Ensuring your site is fully crawlable can help you earn more revenue from your content. In order to make sure you have optimized your site for crawling, consider all of the following issues that might affect how crawlable you are.
Grant Google’s crawlers access in robots.txt
To ensure we can crawl your sites, make sure you’ve given access to Google’s crawlers.
If you’ve modified your site’s
robots.txt file to disallow the Ad Manager crawler from indexing your pages, then we are not able serve Google ads on these pages. Update your
robots.txt file to grant our crawler access to your pages.
Remove the following two lines of text from your
This change allows our crawler to index the content of your site and provide you with Google ads.
Any changes you make to your robots.txt file may not be reflected in our index until our crawlers attempt to visit your site again.
Providing access to any content behind a login
If you have content behind a login, ensure you’ve setup a crawler login.
If you have not provided our crawlers a login, then it’s possible that our crawlers are being redirected to a login page, which could result in a “No Content” policy violation. It's also possible that our crawlers receive a 401 (Unauthorized) or 407 (Proxy Authentication Required) error, and thus cannot crawl the content.
Page Not Found
If the URL sent to Google points to a page that does not exist (or no longer exists) on a site, or results in a 404 error ("Not Found"), Google's crawlers will not successfully crawl any content.
If you are overriding the page URL in ad tags, Google’s crawlers may not be able to fetch the content of the page that is requesting an ad, especially if the overwritten page URL is malformed.
Generally speaking, the page URL you send to Google in your ad request should match the actual URL of the page you are monetizing, to ensure the right contextual information is being acted on by Google.
If the nameservers for your domain or subdomain are not properly directing our crawlers to your content, or have any restrictions on where requests can come from, then our crawlers may not be able to find your content.
Broken or duplicative redirects
If your site has redirects, there is a risk that our crawler could have issues following through them. For example, if there are many redirects, and intermediate redirects fail, or if important parameters such as cookies get dropped during redirection, it could decrease the quality of crawling.
Consider minimizing the use of redirects on pages with ad code, and ensuring they are implemented properly.
Sometimes when Google’s crawlers try to access site content, the website’s servers are unable to respond in time. This can happen because the servers are down, slow or get overloaded by requests.
We recommend that you ensure your site is hosted on a reliable server or by a reliable service provider.
Geographical, network or IP restrictions
Some sites may put in place restrictions that limit the geographies or IP ranges that can access their content, or having their content behind restricted networks or IP ranges (for example, 127.0.0.1).
If these restrictions prevent Google’s crawlers from reaching all your pages please consider removing these restrictions, or making your content publicly accessible, to allow your URLs to be crawled.
Freshly published content
When you publish a new page, you may make ad requests before Google’s crawlers have gotten a chance to crawl the content.
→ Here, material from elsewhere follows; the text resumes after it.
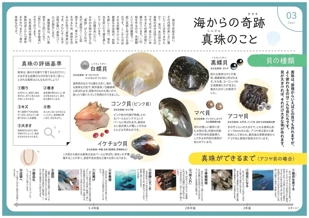 | ネックレスやジュエリーに使用される真珠がいくつもの奇跡の上に成り立っていることを伝え、素材の大切さを学ぶことが出来ます。 | |||
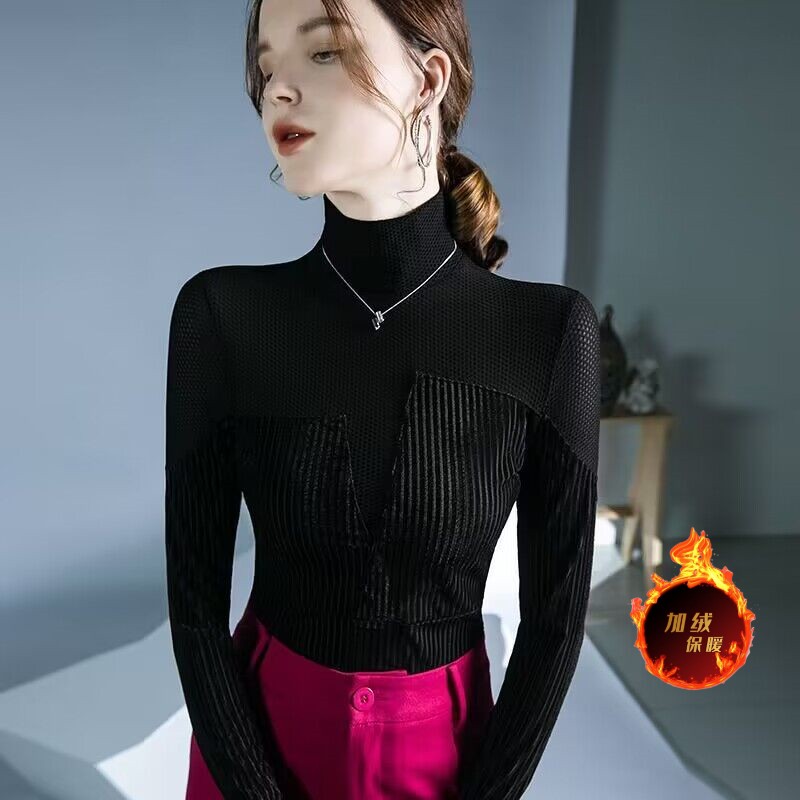 FA50959# 欧洲站高领打底衫女内搭秋冬新款设计感撞色别致不规则小衫 服裝批發女裝批發服飾貨源

For example, sites that post lots of new content include news sites, sites with user generated content, sites with large product inventories, weather sites, and more.
Usually after the ad request is made on a new URL, the content will get crawled within a few minutes. However, during these initial few minutes, because your content has not yet been crawled, you may experience low ad volume.
Personalized pages (using URL parameters or dynamically generated URL paths)
Some websites include extra parameters in their URLs that indicate the user who is logged in (for example, a SessionID), or other information that may be unique to each visit. When this happens, Google’s crawlers may treat the URL as a new page, even if the content is the same. This could result in a few minute lag time between the first ad request on the page and when the page gets crawled, as well as an increase in the crawler load on your servers.
Generally, if the content on a page does not change, consider removing the parameters from the URL and persisting that information another way. A simpler URL structure helps make your site easily crawlable.
Using POST data
If your site sends POST data along with urls (for example, passing form data via a POST request), it's possible that your site is rejecting requests that are not accompanied by POST data. Note that since Google’s crawlers will not provide any POST data, such a setup would prevent the crawlers from accessing your page.
If the page content is determined by the data the user inputs to the form, consider using a GET request.